Statistical precipitation downscaling is the process of making a link between a set of large-scale atmospheric variables (i.e., mean sea level pressure, vorticity, and geopotential height) and predictand (i.e., local precipitation). The large-scale predictors are essential for climate change research, but they do not actually provide a truthful presentation of the climate in a small basin. Generally, they have a spatial resolution coarser than 2 by 2 degrees in latitude and longitude, whereas hydrologists are more concerned with the catchment scale which is usually up to a few hundred square kilometers. This leads to a need for downscaling large-scale predictors to local precipitation. The NCEP reanalysis data set is a continually updated globally gridded data set that represents the state of the Earth’s atmosphere, incorporating observations and numerical weather prediction model output from 1948 to present. The NCEP reanalysis data is commonly used to develop a statistical relationship between large-scale climate factors with local rainfall for building (or training) downscaling models. The GCM outputs under climate change scenarios are then used as the inputs of downscaling models to project future precipitations for studying climate-change impacts [1]. The current study used the NCEP reanalysis data for building the proposed downscaling approach.
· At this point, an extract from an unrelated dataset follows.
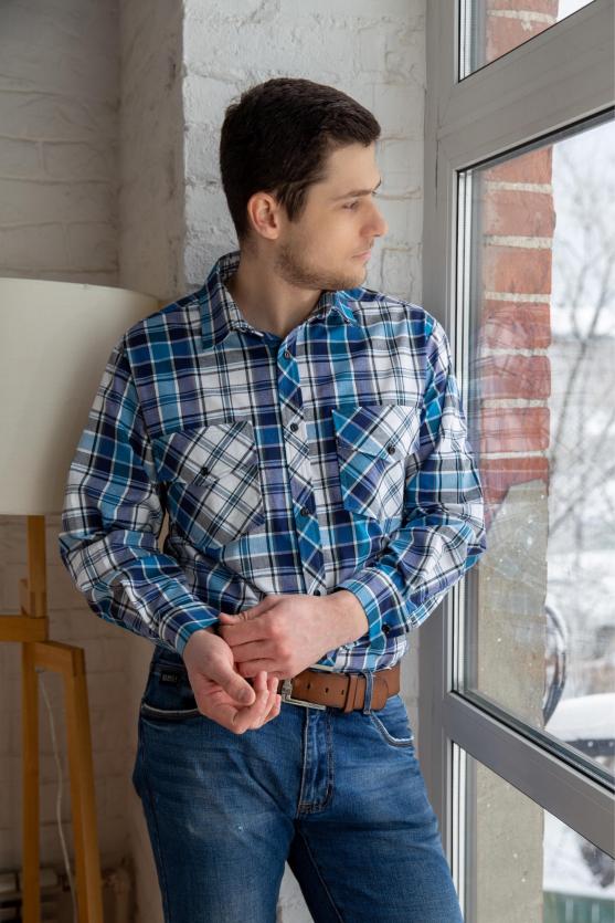 Рубашка мужская в клетку. Модель с прямым кроем, отложным воротником, длинными рукавами. Эта рубашка создаст модный повседневный образ и подарит удобство на весь день. Рубашка удачно садится на любой тип фигуры, выполнена из высококачественного хлопка, благодаря этому ткань тонкая, дышащая, приятная на ощупь.

To date, there are many methods proposed for statistical downscaling using different techniques such as stochastic weather generators [2,3,4,5], weather typing method [6,7,8], resampling methods [9,10,11], and regression methods. The regression methods are attracting more attention and preferred to apply due to their flexibility and straightforwardness. There are numerous variant approaches of regression-based downscaling techniques such as logistic regression model [12], local polynomial regression [13], linear and non-linear regression [14], canonical correlation analysis [15], principal components [16], artificial neural network [17,18], support vector machine (SVM) [19,20,21,22], and beta regression [23].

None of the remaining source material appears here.